Der Pilot sei erfahren, der Helikopter eine bewährte, erst ein Jahr alte Maschine gewesen, sagt Lerch. «Wir warten die Maschinen selbst im Haus». Es gäbe einen täglichen Wartungsintervall

Das Flugwetter bezeichnete er als gut: «Es war der erste schöne Tag ohne Nebel oder Wind.» Die Flugroute sei «nicht schwierig». Es gäbe auch keine Hinweise auf Flughindernisse.

Auch die Urner Kantonspolizei konnte keine Angaben zur möglichen Unfallursache und zur Dauer der Untersuchungen machen.

Betrieb vorerst eingestellt

Die Swiss Helicopter Group der Basis Erstfeld, welche dort 13 Personen beschäftigt und zwei Helikopter fliegt, stellt ihren Betrieb nach dem Unglück vorerst ein. Wie lange, war am Nachmittag nicht bekannt. Landesweit beschäftigt das Unternehmen 130 Personen.

Bereits am Samstag war ein Helikopter des Tessiner Unternehmens Heli-TV in Iragna TI verunfallt. Nach einem missglückten Landemanöver auf einer Alp wollte der Helikopter zur Basis nach Lodrino zurückfliegen, als er in einen Steinbruch abstürzte. Bei dem Absturz kamen der Pilot und drei seiner Passagiere ums Leben.

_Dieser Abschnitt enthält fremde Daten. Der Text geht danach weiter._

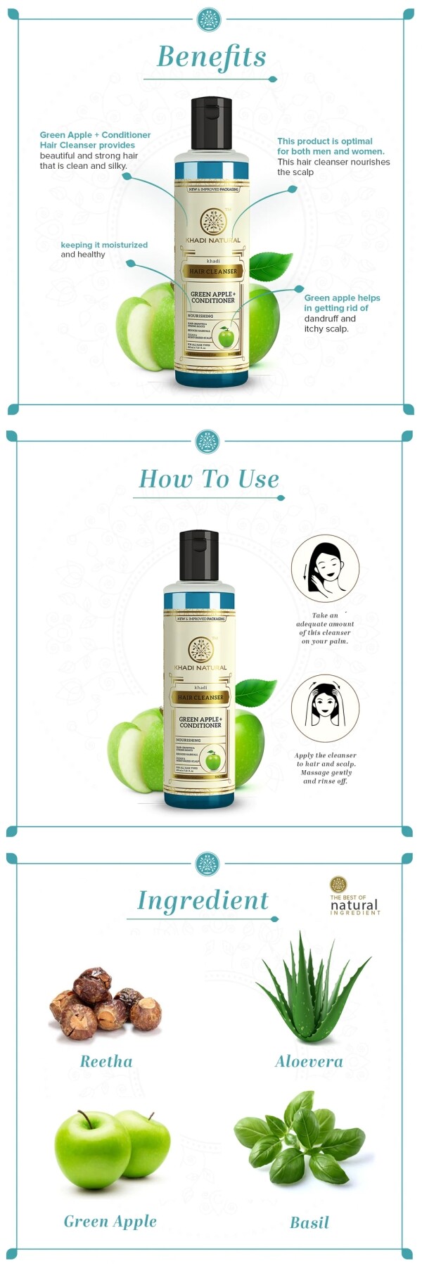 [Khadi Natural Green Apple Conditioner Hair Cleanser 210ml]

Einen Zusammenhang zwischen den zwei so kurz aufeinander erfolgten Unglücken sieht Lerch nicht. «Ein tragischer Zufall», sagte er. Bei den beiden abgestürzten Maschinen handle es sich auch um zwei verschiedene Modelle. Die Ursache des Absturzes im Tessin ist ebenfalls noch immer unklar.

Markus Lerch selbst fliegt seit über 30 Jahren Helikopter und fühlte sich dabei immer sicher: «Die Maschinen sind sehr gut unterhalten, mit diesen Auflagen ist das eigentlich eine sichere Operation». Seit dem Morgen laufen die Abklärungen zur Unfallursache.